池田屋の報奨金が出ることは知っていたけど。
「で、それと近藤さんがどうつながっていくのですか?」
「蒼良、いいことを聞いてくれた」
いいことだったのか?
「それで、近藤さんは舞い上がったんだか何だか知らんが、天狗になりやがってさ」
「えっ、天狗?」
あの鼻の長い天狗か?
「近藤さん、別に鼻長くなかったですよ」
「いや、蒼良。ちょっと高慢なことを天狗と言うんだよ」
藤堂さんが説明してくれた。
なんだ、そっちの天狗か。って、普通そっちの天狗だよね。
「人の話の腰を折るなよ」
永倉さんに怒られてしまった。
すみません。
「俺たちも最初は我慢していたけど、だんだん我慢も限界になってな。左之とかに相談したら、俺もそうだと言う事になって、同志を募って切腹覚悟の上で会津藩に出したんだ」
ええっ、切腹覚悟って、死ぬ覚悟と同じことだ。
「そんなに我慢できなかったのですか?」
思わず聞いてしまった。
「武士たるもの、上の人間に物申すときは、切腹覚悟は当たり前だろう」
そうなのか?
私なんて、副長である土方さんに普通に文句言っているけど。
「でも、新八さんは切腹しなかったと言う事だね」
藤堂さんが言った。
ここにいるんだもの、切腹していないと言う事だろう。
もしかして……
「もう切腹して、ここにいるのは幽霊とかって、そんなオチはないですよね」
思わず聞いてしまった。
足はあるみたいだし、それはないよね。
「蒼良、何言ってんた。幽霊じゃない、本物の俺だ」
「そうですよね。永倉さんはそんなに簡単に死ぬ人じゃないから」
「それって、褒めてるのか? けなしているのか?」
「ち、ちゃんと褒めているのですよ」
私と永倉さんのやり取りを聞いて、藤堂さんは笑っていた。
「平助も笑いやがって」
永倉さんは、藤堂さんをくすぐり始めた。
「笑いたいなら笑いやがれってんだ」
「し、新八さん、く、くすぐらないでよ」
なんか、話が大幅にそれているが……
「で、その後どうなったのですか?」
私が聞くと、永倉さんは藤堂さんを解放した。
「そうだった。話の途中だったな。会津藩に出したのだが、容保公が間に入ってくれてな。事なきを得たんだが……」
「その後、何かあったの?」
藤堂さんが永倉さんに聞いた。
「一応、容保公が間に入ってくれたから、表向きは何事もなかったかのような感じになったが、近藤さんとの間は今までみたいにならなくなってな。なんか近藤さんの前に壁があるみたいな感じかな」
そりゃそうだろう。
近藤さんにしてみれば、自分が信頼していた江戸からの仲間からの訴えだから、近藤さんなりにショックだったと思う。

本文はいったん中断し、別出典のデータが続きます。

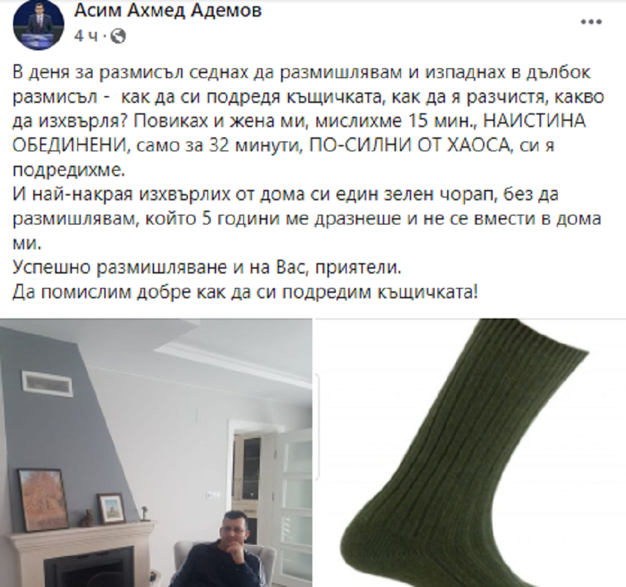 “В деня за размисъл седнах да размишлявам и изпаднах в дълбок размисъл - как да си подредя къщичката, как да я разчистя, какво да изхвърля?“, написа той в социалната мрежа. Адемов е публикувал и снимка на въпросния зелен чорап.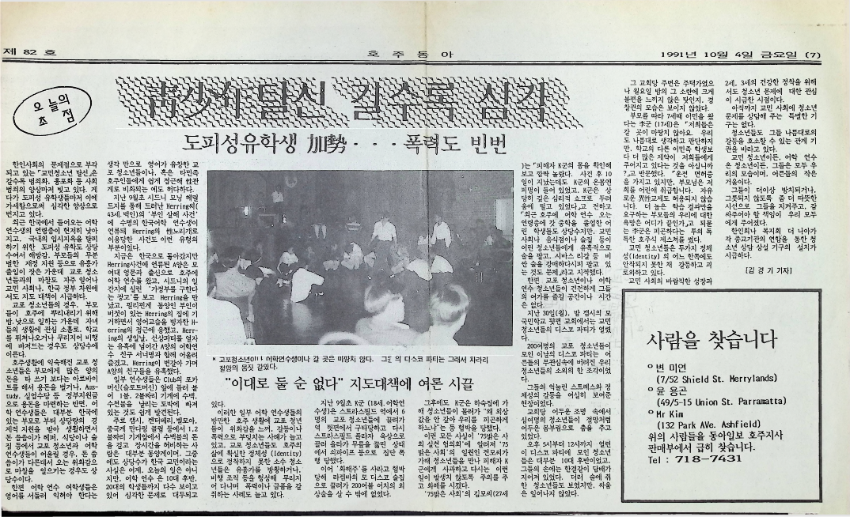 1991년 10월 4일자 호주동아 신문에 실린 기사로 한인사회의 문제점으로 부각되고 있는 교민청소년 탈선이 갈수록 심각해지고 있으며 도피성 유학생이 가세하면서 폭력도 빈번하다는 내용이다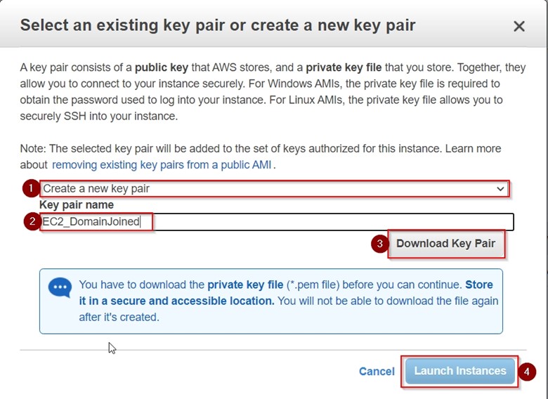 - Server’a bağlanmak için yeni bir “key pair” oluşturup indiriyoruz.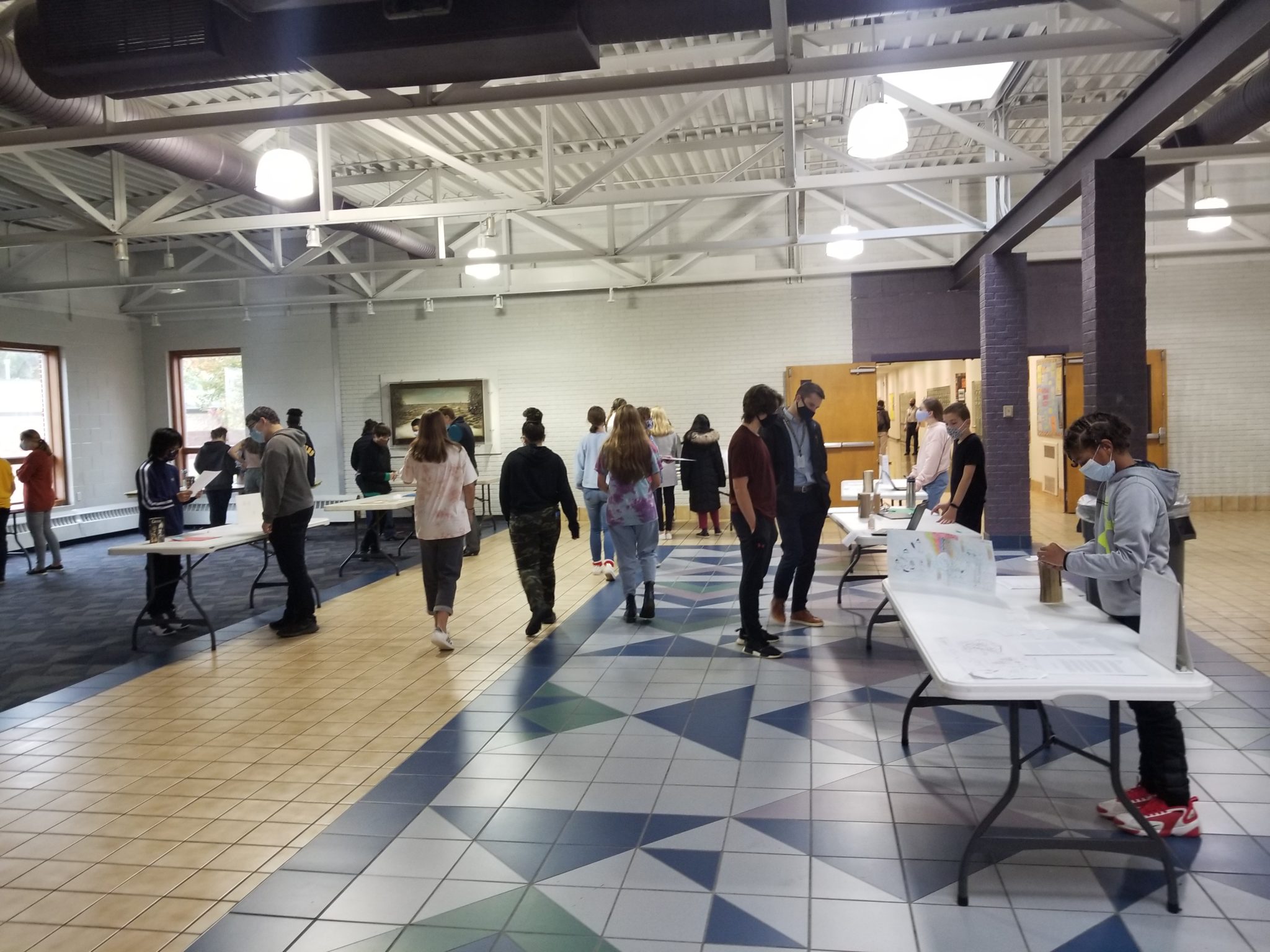 Taking the perspective of someone related to their research, students individually shared their understanding of their topic with high school students.

「このままじゃ仕事にならないし、他の隊士にも影響が出るってことで、見せしめのために土方さんが俺を謹慎処分にしたんだ。ちなみに俺は6日間の謹慎だが、一緒に建白書を出した葛山が切腹になった」
切腹者を出してしまったんだ。
「土方さんにしてみれば、謹慎させたから大目に見てやってくれってことだったんだろう。でも、俺が首謀者だったから、切腹するのは俺のはずなんだけどな」
「永倉さんは、新選組に必要な人だから、土方さんも失いたくなかったのですよ」
「蒼良、いいこと言うな」
永倉さんは、乱暴に私の頭をなでてきた。
おかげで私の髪の毛はぐしゃぐしゃだ。
「それで、よく近藤さんと一緒に江戸に来れましたね」
藤堂さんが永倉さんに言った。
私も同じことを思っていた。
「土方さんが謹慎処分にしたから、近藤さんも納得したのだろう。あの人も、自分が納得したらもうそれ以上は言ってこないし、何かあるってことはない。普段通りだ。それが近藤さんのいいところでもあるんだがな」
なんだ、全部が嫌になったから、建白書を提出したわけじゃなかったんだ。
切腹覚悟でやったと聞いたから、きっとこのままだと新選組がだめになると思って、注意しようと思ってやったのだろう。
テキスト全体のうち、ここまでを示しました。